La bella confusione

Francesco Piccolo fra Visconti e Fellini

Come nasce la passione per il cinema di Francesco Piccolo? Ecco che l’autore di Caserta ce lo racconta, e nel raccontarcelo ci parla di due film nati nel 1963, un anno prima che lui venisse al mondo. Sono due grandi capolavori girati in contemporanea in due diverse regioni d’Italia: Il Gattopardo di Visconti, girato in Sicilia, e Otto e Mezzo, di Fellini, girato negli studi romani di Cinecittà. A unirli, oltre al momento storico e alla feroce rivalità tra i due registi, la presenza in entrambi di Claudia Cardinale nello splendore dei suoi venticinque anni.

Era nata dieci anni prima la sorda rivalità tra i due registi, a seguito dei successi di La Strada di Fellini e di Senso, di Visconti, con la stampa italiana schierata con l’uno e con l’altro in base alle posizioni politiche: la sinistra per Visconti e la balena bianca tiepidamente a fianco di Fellini. Ma poi accadono molte cose: in particolare, a sinistra si contesterà pesantemente il romanzo di Giuseppe Tomasi di Lampedusa, pubblicato postumo nel 1958 per i tipi di Giangiacomo Feltrinelli e vincitore del Premio Strega l’anno seguente. Si dirà che il romanzo è nostalgico, non tanto del fascismo, quanto di un’epoca ancora più lontana, e quando sarà Visconti ad affrontare la riduzione cinematografica, gli si chiederà di rimettere le cose a posto. Ma anche Visconti, anzi, Luchino Visconti di Modrone, conte di Lonate Pozzolo, ha qualcosa da rimpiangere, si riconosce nel principe di Salina, e parlerà di se stesso, piuttosto che fare quanto gli viene richiesto.

Anche Fellini parla di se stesso, dei suoi sogni e delle sue donne, cioè del suo cinema, popolato da Gelsomina, Carla, la Saraghina, la ragazza delle terme, e poi la Gradisca e la tabaccaia di Amarcord, ma anche Giulietta Masina, Anna Giovannini, Sandra Milo e chissà quante altre. È un regista, il protagonista di Otto e Mezzo, un regista che non sa che film fare e che si dibatte con se stesso. E la conclusione è che anche questo di Fellini, come il quello di Visconti, sarà un film autobiografico. Visconti parla della decadenza di un’aristocrazia di cui fa parte; Fellini mette in scena quel che ha dentro in maniera aperta, quasi spudorata. Entrambi vanno alla ricerca del tempo perduto, ed entrambi generano “dei film decadenti che hanno al centro dei personaggi decadenti, che si pongono il problema della fine di un’era”.

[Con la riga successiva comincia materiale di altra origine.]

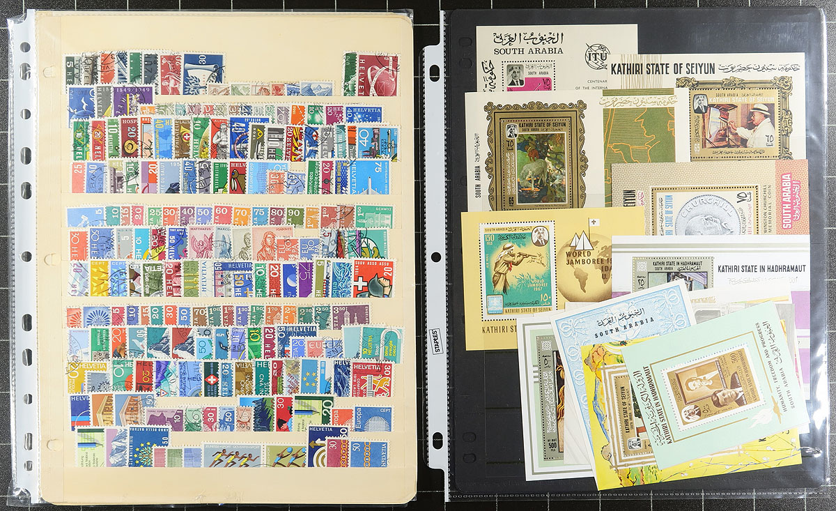 Organized grouping of mint and used worldwide stamps in 28 stockpages, 1880's-2004. The lot contains roughly 1,500 stamps with representation from a handful of countries and regions, including Switzerland, Belgium, Scandinavia (primarily Faroe Islands), Asia (China and South Korea), Argentina, and a few other countries. We note mint and or used singles, sets, and a few souvenir sheets, with a spot check indicating items cataloguing $10 and up. Owner's 2017 Scott catalogue value for the lot totals US$1,204.00 ($1625.40 CDN), leaving potential finds for the worldwide collector. A fairly well organized lot considering the amount of material, overall fine to very fine. Estimate =

Ma anche Francesco Piccolo parla tanto di sé medesimo, di come è cresciuto e di quali conflitti ha affrontato. Dice una cosa impegnativa, sulla quale probabilmente ha ragione: non si può riconoscere il capolavoro al suo apparire; il capolavoro ha bisogno di affrontare il tempo, e solo se riuscirà a superare gli ostacoli che troverà potrà essere coronato d’alloro. I contemporanei possono riconoscere il buon libro, il buon film, la bella commedia, ma solo i posteri potranno decretare l’esistenza di un capolavoro capace di mantenere il suo equilibrio quando il mondo cambia. Questi due film lo sono.